Suddenly she also saw the meaning of her side story about the climbers who are going to climb the mythical peak Eiger Nordwand in Switzerland. As a visiting professor in Bern, Josefine Klougart had become obsessed with the idea of ​​why people try to climb a concave mountainside which, in her eyes, “is only death”. When she read about a climber who explained that the sensation of falling lingered long after he had even completed the descent, the equation came together.

— I felt that this was the feeling with which the book should be written — a feeling of the presence of death which gives the other the greatest possible significance.

Danish star

It has been almost ten years since Josefine Klougart was introduced in Swedish as Denmark’s new literary star. Three years earlier, her debut was nominated for the Nordic Council’s literature prize, which caused Danish critics to also comment on her appearance and age, in one headline she was compared to Bambi.

— – Fortunately, what some critics wrote then is unthinkable to write today, she states dryly.

In addition to being a writer, Josefine Klougart is an editor at the publishing house Gladiator, which she helped start and which also runs its own writing school.

Her seventh novel “All this you could get” has been described in her home country as her best so far. The frame is a family story of two generations and a depiction of a piecemeal magical childhood close to nature, not unlike Josefine Klougart’s own.

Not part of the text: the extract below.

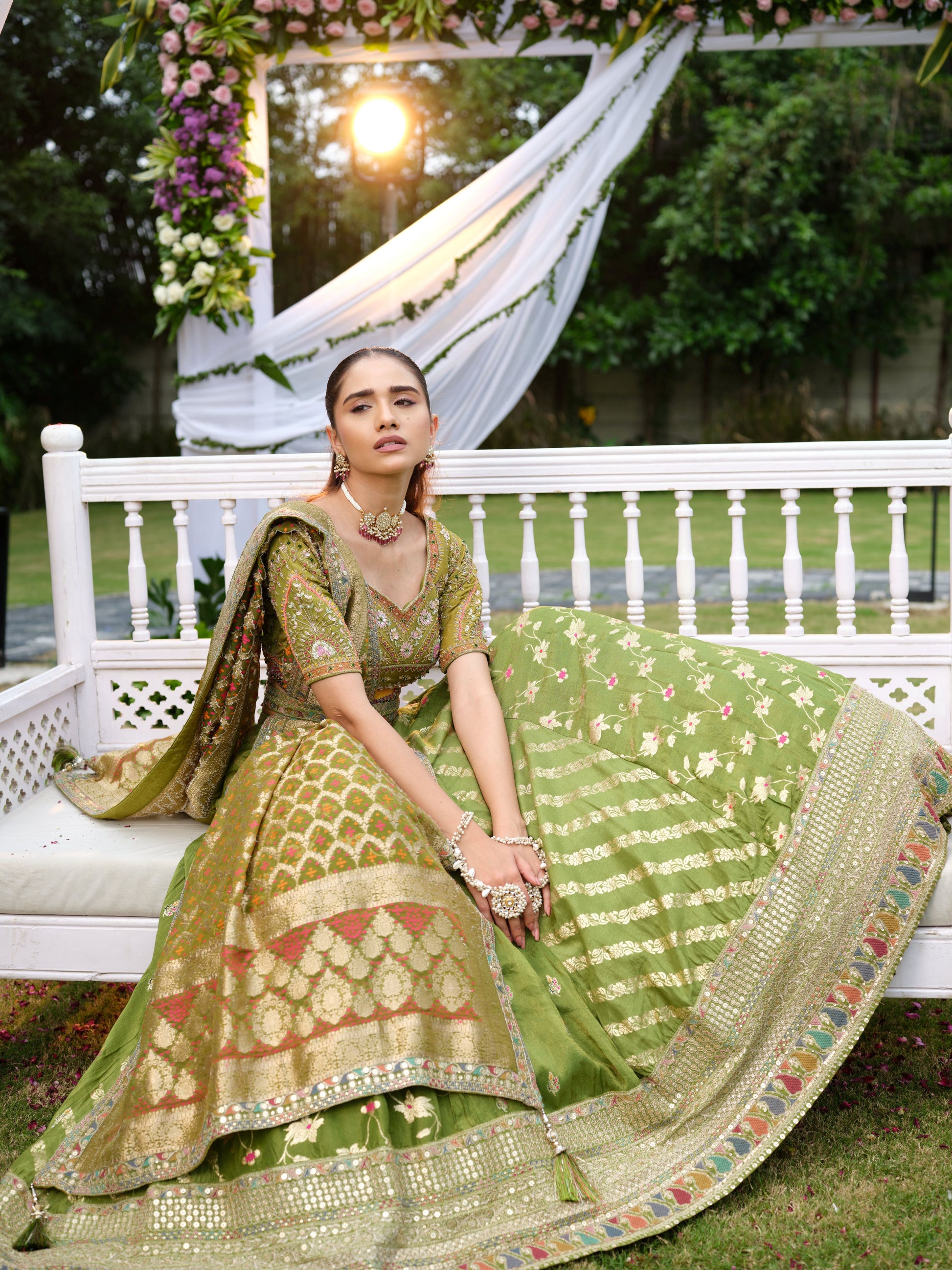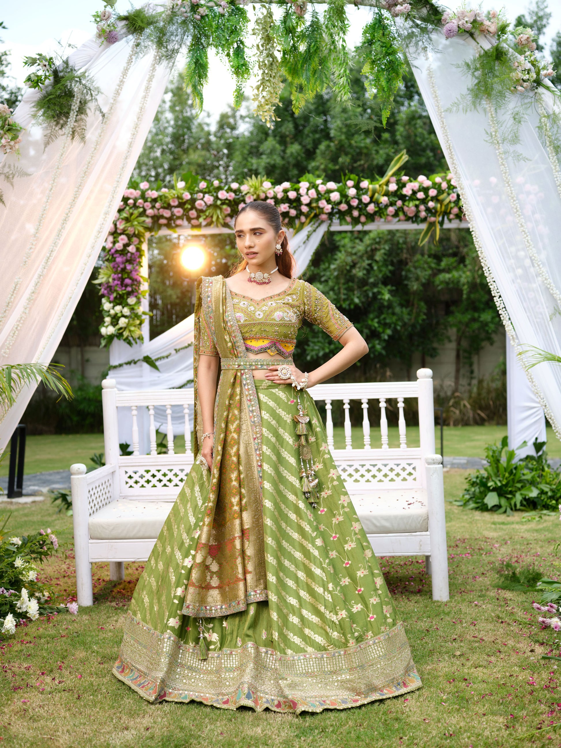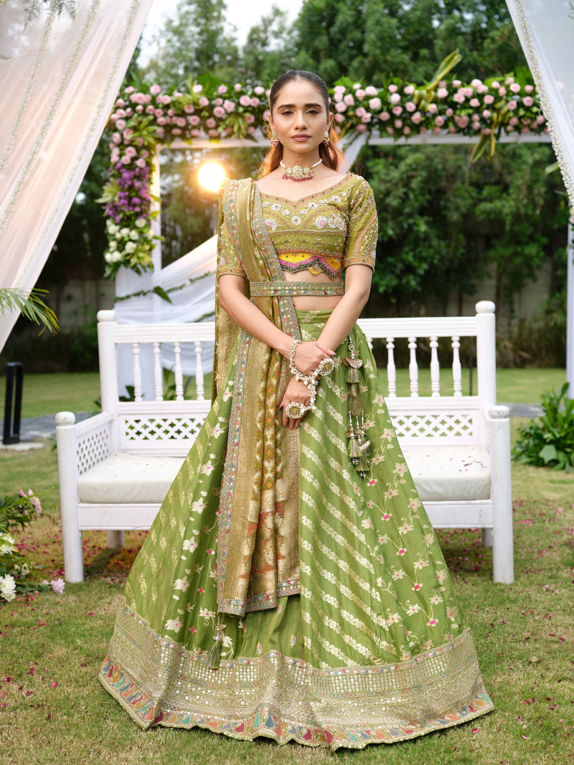 A heritage-inspired olive green lehenga set rich with intricate detailing. The blouse is beautifully embroidered with pastel threads and mirrorwork, paired with a flared lehenga featuring delicate floral butis and a wide ornate border. The contrasting dupatta, woven with traditional golden motifs and finished with mirrorwork edges, elevates the ensemble with a regal charm.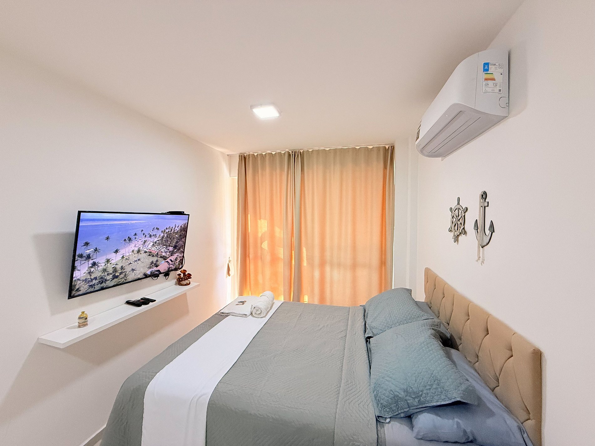 Nosso apartamento acomoda bem até 4 pessoas, conta com 1 cama de casal extremamente confortável e 1 sofá cama de casal, , uma cozinha compacta e equipada (liquidificador, cafeteira, micro-ondas, cooktop 1 boca, sanduicheira, frigobar, airfryer) com todos os itens que você precisa para realizar qualquer refeição. Desfrute de uma varanda privativa onde você pode apreciar a brisa do mar e o pôr do sol deslumbrante.

The ambition has been to tell “with the greatest care about the different moments that make up a life”, she emphasizes.

“My criterion has always been that every scene should contain a revelation,” she says energetically.

— It is about our opportunities to be present in the world. Literature is this privileged place where one can grasp life experience and make it emerge. Fiction allows us to come into contact with the perfect experience, with existence.

Hear the nightingale

Klougart writes about the sisters Barbara and Sara who swim in dangerous waters and whose mother resolutely wakes them up so they can hear the evening song of the nightingale. But the father works hard to pay the interest and the mother, who works at home, mourns his absence. The idyll is marred by conflicts and wounds – none of the main characters have easy lives.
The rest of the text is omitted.